- Directed by: Quirino Cristiani
- Written by: Quirino Cristiani
- Release date: 1918;
- Running time: Unknown
- Country: Argentina
- Languages: Silent film Spanish (Castellano) intertitles

= Sin dejar rastros =

Sin dejar rastros (Spanish: "Without a Trace") is a 1918 lost Argentine animated feature film. It was written and directed by Quirino Cristiani. The film used cutout animation.

==Plot==
The plot revolved around the recent incident involving the German commander Baron von Luxburg who sank an Argentine ship intending to frame the Entente for the act. Reports from survivors helped everyone to realize what had truly happened.
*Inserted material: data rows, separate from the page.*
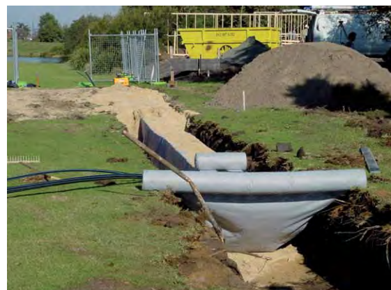
VersiTank® Infiltration System used in a trench application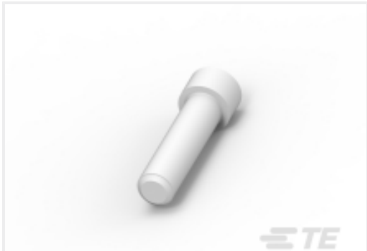
TE Part #114017-ZZ SEALING PLUG, SIZE 12/16, WHT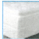
Serta Grandis Low Profile Mattress ... SamsClub.com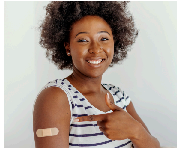
Depo-Provera shots are taken every 3 months, which can be easier to remember than a daily birth control pill.

Any medication can have side effects. Depo-Provera often causes irregular menstrual bleeding. Most users will experience a change in their menstrual cycles that is either irregular and unpredictable bleeding, or lack of bleeding entirely. During the first year, about 50% of users stop having periods. The menstrual effects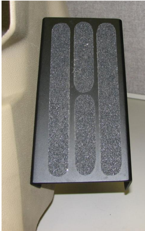
Figure 2: Grip tape placement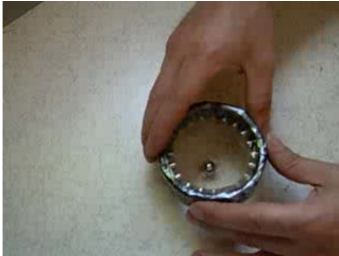
Video, 2.7 MB

As soon as the roll is placed over the rotor, it starts rotating.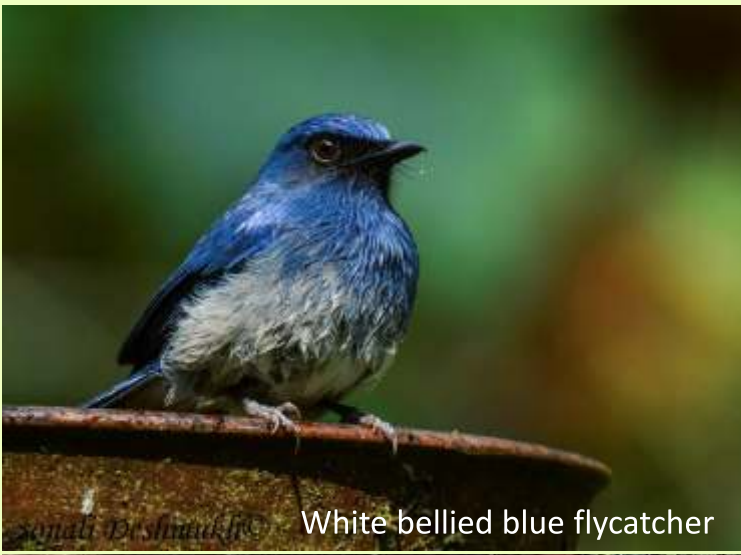
White bellied blue flycatcher

This plot summary appeared in The Moving Picture World for September 21, 1918:

Under the title "Sin Dejar Rastros," the Spanish equivalent of the German "Spurlos Versenkt," a satirical picture, made up of animated cartoons, has been successfully released in Argentina. The film depicts, in a humorous vein, some of the plots engineered by Count Luxburg, the Kaiser's representative in Buenos Aires, which were exposed by our own State Department. It starts with an iinaginary description of the local German Legation, a building full of traps, underground passages, mysterious closets, infernal machines, etc., and the final shows "Juan Pueblo" (the common people) delivering an energetic kick to the Hun minister, who is swallowed by the waves and disappears spurlos versenkt.

==Reception==
The film was not as successful as Cristiani's previous film El Apóstol from 1917, since Sin dejar rastros was confiscated by the Ministry of Foreign Affairs by order of President Hipólito Yrigoyen. It is unknown if any copies of the film exist, and is considered a lost film.